La société Hélio s'est pourvue en cassation ; dans un arrêt du 23 octobre 2013 (n°12-21-825), la Cour de cassation rejette le pourvoi de la société.

http://www.legifrance.gouv.fr/affichJuriJudi.do?oldAction=rechJuriJudi&i...

La Cour de cassation relève qu'il résulte des articles L. 1251-36 et L. 1251-37 du code du travail qu'il ne peut être recouru pour pourvoir un même poste au sein de l'entreprise utilisatrice à des contrats de mission successifs que dans les hypothèses limitativement énumérées par le second de ces textes et notamment pour remplacer un salarié temporairement absent en cas de nouvelle absence du salarié remplacé, pour des emplois saisonniers ou pour des emplois pour lesquels il est d'usage constant de ne pas recourir aux contrats à durée indéterminée, pour remplacer l'une des personnes mentionnées aux 4° et 5° de l'article L. 1251-6 du code du travail.
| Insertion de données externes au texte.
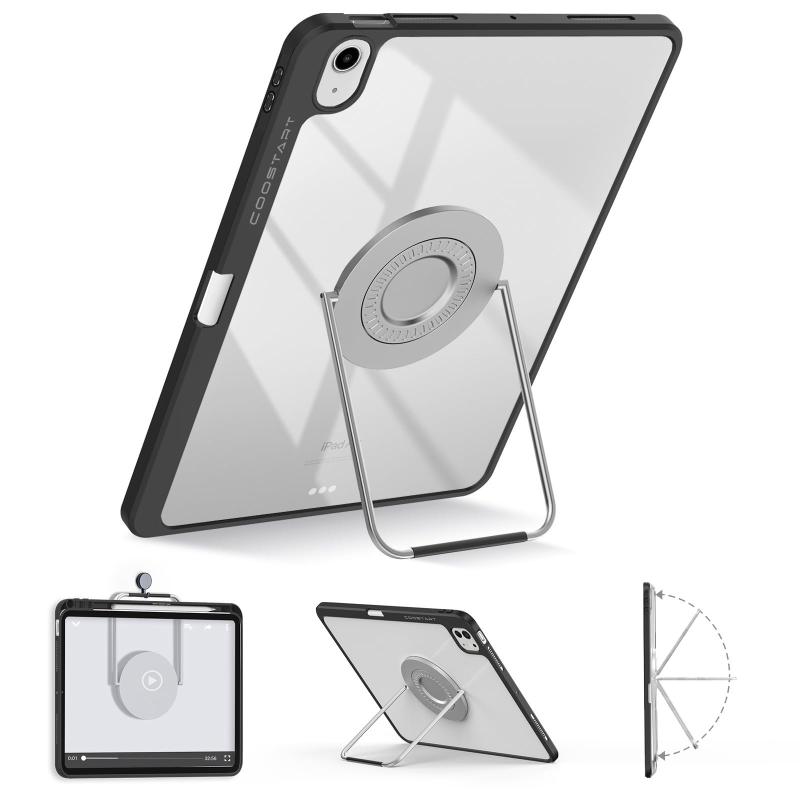 対応iPad A16 ケース 第11世代 11インチ (2025) / 第10世代 10.9インチ (2022) 専用スタンド カバー 横置き 縦置き 壁掛け 360°回転 角度調整 ペン収納 透明 ハード 背面 ソフトTPU フレーム 着脱簡単 軽

Elle précise qu'il en résulte qu'un contrat de mission conclu pour le remplacement d'un salarié absent ne peut être immédiatement suivi d'un contrat de mission conclu pour un accroissement temporaire d'activité.

La Cour de cassation ajoute qu'ayant relevé que les contrats de mission s'étaient succédé quasiment sans interruption du 15 mars 2004 au 25 septembre 2006, au profit du même salarié pour pourvoir le même poste de receveur, avec la même qualification afin d'assurer le remplacement de salariés absents puis pour faire face à un accroissement temporaire d'activité, ce dernier motif ne rentrant pas dans le champ d'application de l'article L. 1251-37 du code du travail, la Cour d'appel, qui n'avait pas à répondre à des conclusions que ces constatations rendaient inopérantes, en a exactement déduit que le recours au travail temporaire avait eu pour objet ou pour effet de pourvoir durablement un emploi lié à l'activité normale et permanente de l'entreprise utilisatrice.

Cet arrêt doit être approuvé ; souvent les entreprises utilisatrices utilisent les salariés intérimaires pendant plusieurs années à un emploi relevant de l'activité normale et permanente de l'entreprise ; la conséquence est une requalification en CDI à temps plein.